Why Every Database Migration Expert Started with Key-Value: From MUMPS Globals to D1
Gonzalo Monzón
Founder & Lead Architect
In 1997, my first production database was a MUMPS global — a hierarchical key-value tree stored on an HP 9000 running MSM. In 2024, my production database is Cloudflare D1 — SQLite at the edge. Between those two points, I migrated data through Caché, SQL Server, PostgreSQL, and more variations of "store this, retrieve that" than I care to count. The surprising lesson: every database is fundamentally a key-value store with varying amounts of ceremony on top. Understanding this changes how you think about every migration you'll ever do.
The Global: Where It All Started
MUMPS globals are the simplest possible data structure that could work for a hospital. A global is a persistent, hierarchical, sparse array — essentially a tree where every node has a key and optionally a value.
A patient record looked like this:
^PATIENT(12345,"NAME") = "García López, María"
^PATIENT(12345,"DOB") = "19450312"
^PATIENT(12345,"ALLERGIES",1) = "Penicillin"
^PATIENT(12345,"ALLERGIES",2) = "Sulfa"
^PATIENT(12345,"LAB","20130415","GLU") = 98
^PATIENT(12345,"LAB","20130415","HB") = 14.2
^PATIENT(12345,"LAB","20130416","GLU") = 105
No schema. No types. No foreign keys. No ALTER TABLE. You just wrote data with a hierarchical key and read it back. The key itself was the schema — the naming convention determined the data model. And it worked for decades in hospitals handling millions of patient records.
Why Globals Were Brilliant (and Dangerous)

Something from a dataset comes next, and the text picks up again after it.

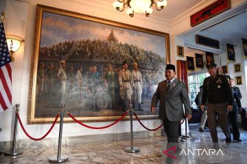 Menteri Pertahanan Prabowo Subianto (kiri) bersama Kepala Staf Angkatan Darat Amerika Serikat Jenderal James C Mc Conville berjalan usai memberikan penghormatan kepada patung Bung Karno Berkuda di Kantor Kementerian Pertahanan, Jakarta, Jumat (12/5/2023). Menhan Prabowo Subianto dan Mc Conville sepakat melanjutkan kerja sama bidang pertukaran personel, taruna, serta latihan bersama antara TNI AD dengan Angkatan Darat Amerika Serikat. ANTARA FOTO/Sigid Kurniawan/tom.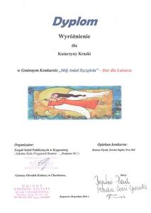 Wzorem lat ubiegłych nasi uczniowie uczestniczą w konkursach plastycznych o tematyce bożonarodzeniowej, organizowanych na terenie gminy i powiatu. Są to konkursy rozwijające wyobraźnię i umiejętności manualne dzieci: „Szopka Bożonarodzeniowa”, „Moje Boże Narodzenie” oraz „Mój Anioł Szczęścia” –Dar dla Łukasza.

The global model had real strengths that modern NoSQL databases rediscovered independently:
- Schema flexibility: Adding a new field was trivial — just write to a new key path. No migration scripts, no downtime, no schema versioning. If patient 12345 needed a "PACEMAKER_MODEL" field, you set
^PATIENT(12345,"PACEMAKER_MODEL") = "Medtronic MiniMed"and it existed - Sparse data: Not every patient has allergies. Not every visit has lab results. In a relational model, you need nullable columns or junction tables. In globals, absent data simply doesn't exist as a key — it takes zero space
- Natural hierarchies: Patient → visits → lab results → individual tests maps perfectly to the global tree. No JOINs needed. Traversing a patient's history was a single
$ORDERwalk down the tree - O(1) access: Retrieving a known value —
^PATIENT(12345,"NAME")— was a single B-tree lookup. No query optimizer. No execution plan. Direct addressing
The danger was equally real: the application logic was the schema. There was no database-level enforcement of data integrity. If a developer stored a date as "March 15" instead of "20130315", the database accepted it silently. Consistency depended entirely on disciplined coding conventions, passed down as institutional knowledge between MUMPS programmers. One careless developer could corrupt the implicit schema for an entire subsystem.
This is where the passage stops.